Странники у костра (Шугаев) - страница 56

II

В последний февральский день, когда Крытов еще не объявил Марье Ивановне своего стремления во Владивосток, по улицам Братска, продутым и вылизанным утренней метелью, шел с внезапными замедлениями и остановками высокий статный мужчина с гордо вскинутой головой, с браво развернутыми плечами — само всплывало слово «мо́лодец» и было в полном согласии с этим размашисто-убедительным движением. Мужчина носил аккуратно курчавящуюся русую бородку, тяжелую золотистую подкову усов, имел светло-карие кроткие глаза и чистый, высокий, нежный лоб. Мужчина утром прошел по проспекту Энергетиков, долго стоял в одном дворике у трех старых сосен и вздыхал, и поглаживал взбугрившуюся морщинистую кору; потом сел в автобус и укатил на правый берег, на улицу Амурскую, где тоже долго рассматривал двухквартирный дом из бруса, покачал, подергал штакетник, на который опирался, — прочен ли, постоит ли еще?

Во время этих смотрин и стояний глаза мужчины часто взблескивали мимолетной влагой — можно было предположить, что сердце у него чувствительное.

В призрачной тьме февральского дня мужчина приехал в Постоянный, в деревянный, двухэтажный, поглядывающий через сосны на залив, столько сердца потративший на старый и новый Братск. На пустынных уютных улицах Постоянного на мужчину, на нашего мо́лодца, нахлынула горячая, неудержимо слезливая ностальгическая дурь — он сдернул шапку, промакнул ею слезы и потряс головой, остудил былые видения.
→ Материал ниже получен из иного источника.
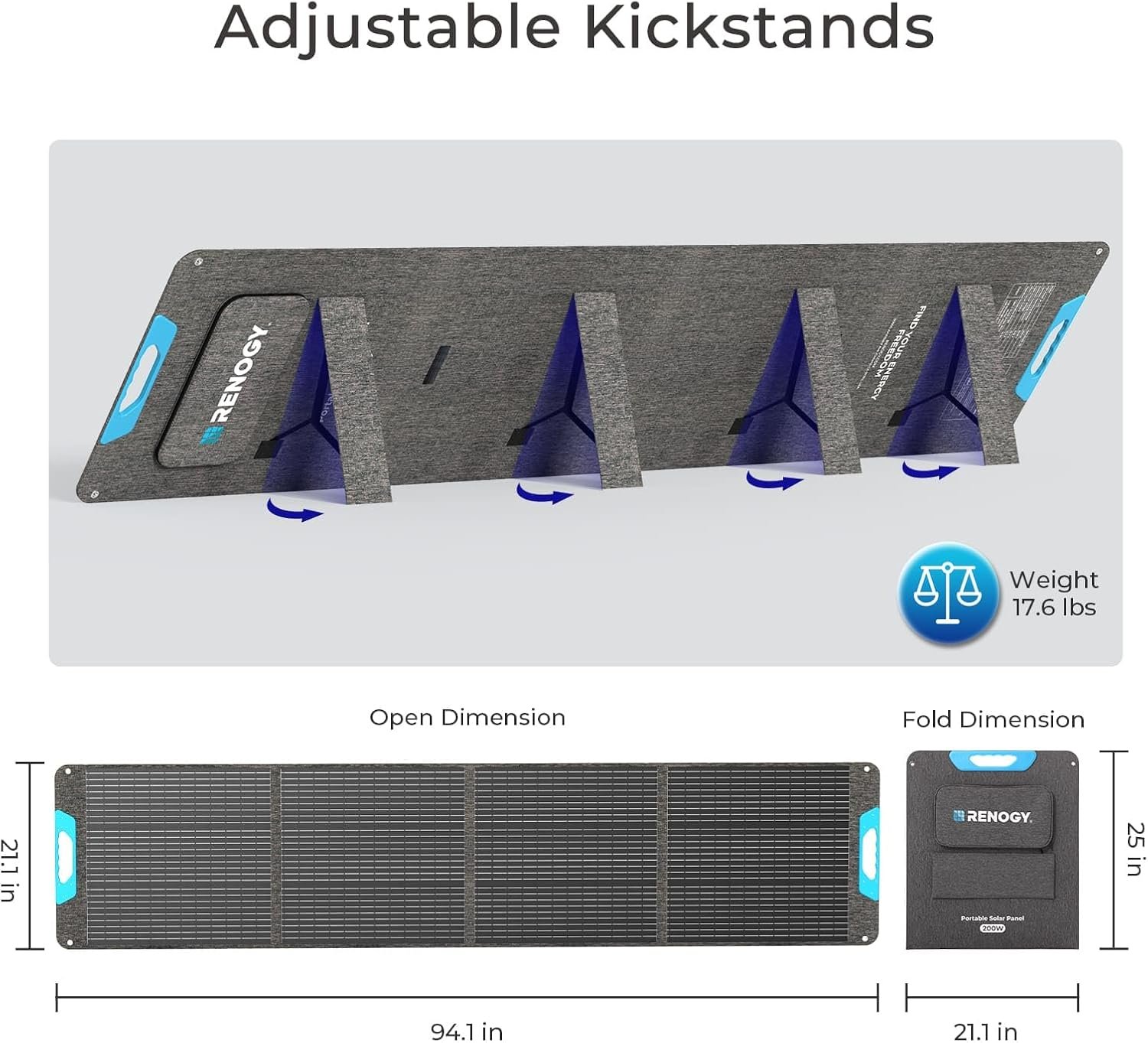 Renogy portable solar panels can be super lightweight to carry outside for camping, fishing, gardening, and any occasion you need itDesign for outdoor activity with 4 mounting holes, easy to tie on the car top, RV, or tree which offers you more flexibility for DIY installation optionsThe kickstands can help you capture more sunlightUnfold a world of on-the-go power & sustainable freedom, power up your efficiency with our portable power station

Мужчину звали Алексеем Даниловичем Пермяковым, он прощался с Братском и завтра рано утром уходил из него. Братск помнил Алексея Даниловича двадцатилетним тощим солдатиком, поселившимся после армии в палатке, за худобу и долговязость прозванным Лехой Длинным. Глыба лет, незримым рюкзаком приспособившаяся между лопаток Алексея Даниловича, утратила свою тяжесть, расплавилась во вспышке прощальной энергии, выделенной при встрече Лехи Длинного с Алексеем Даниловичем Пермяковым.
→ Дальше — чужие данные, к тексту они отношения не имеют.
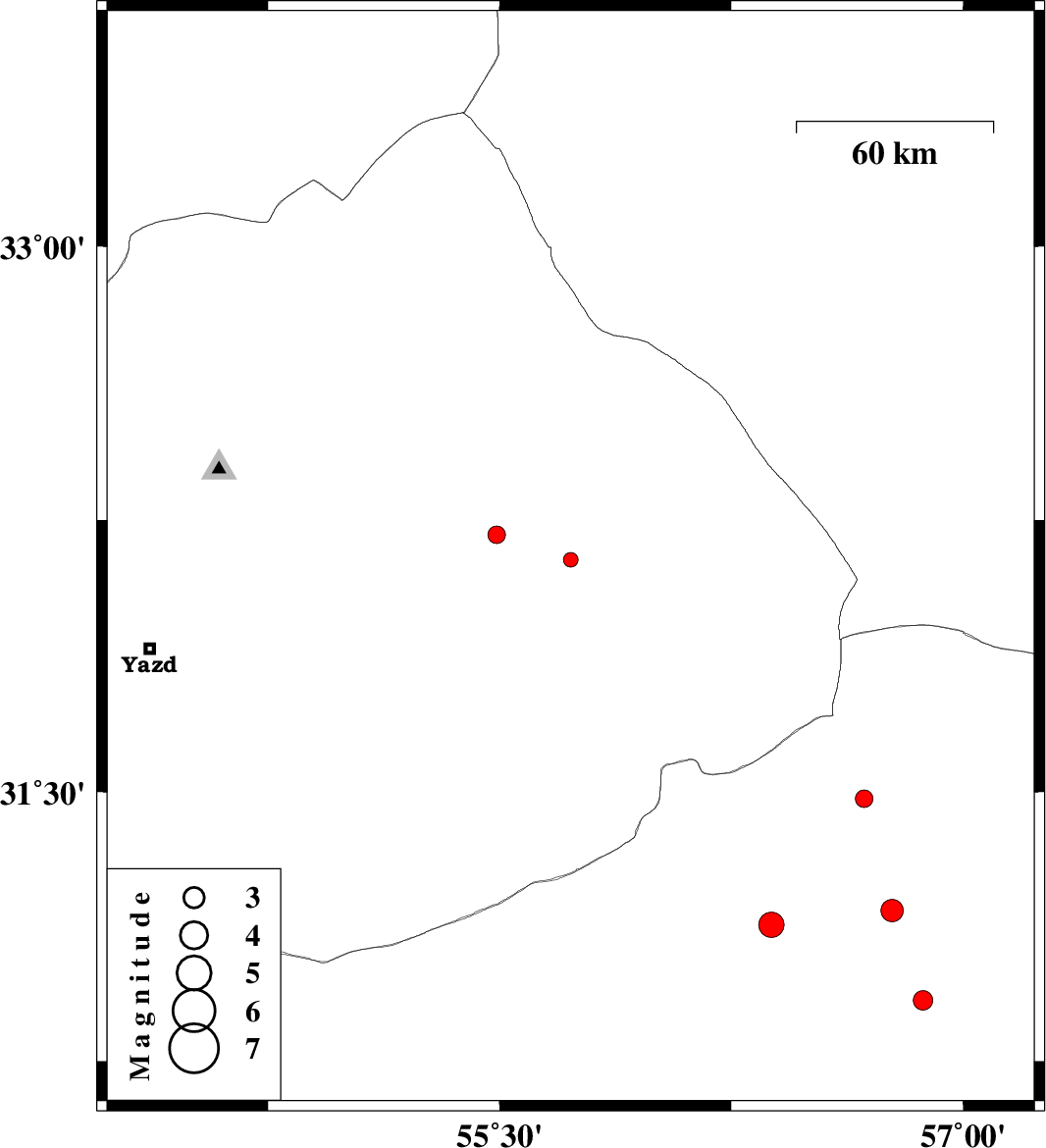 2013/02/19 | 00:03:50.5 | 03:33:50.5 | 30.92 | 56.87 | 14 | ML:2.8 | Kerman Province, 39 km South of Ravar | ||

Вот Леха, с влажным пламенем на щеках, с потным чубом, с приклеившимся к губам словечком «благородно» («Вчера благородно порыбачил», «Встретил благородную девушку», «Ну-у, это благородный работник», потом любимым словечком станет эпитет «железный», потом возьмутся за глаголы «не стони», «не возникай»), переходит из одного романтического положения в другое: то среди хлада и мрака ползет на тракторе в Вихоревку, где под дождь сгружены книги для первой жилстроевской библиотеки; то по две смены не выпускает из рук вибратора — к ноябрьским обещали первый фундамент нового Братска; то стоит среди весеннего уличного разлива этаким улыбчивым белокурым богатырем возле первой деревянной школы и подхватывает на руки мальчишек и девчонок, переносит с одного сухого бугорка на другой, переносит и молоденьких, весело повизгивающих учительниц, и старую грузную директрису Анну Ивановну — она долго не решается: «Такую колоду, как я, разве перетащишь?». Когда же он наконец отрывает Анну Ивановну от земли, она гулко, басисто всхохатывает: «Ну и лешак же! Ну и лешак!»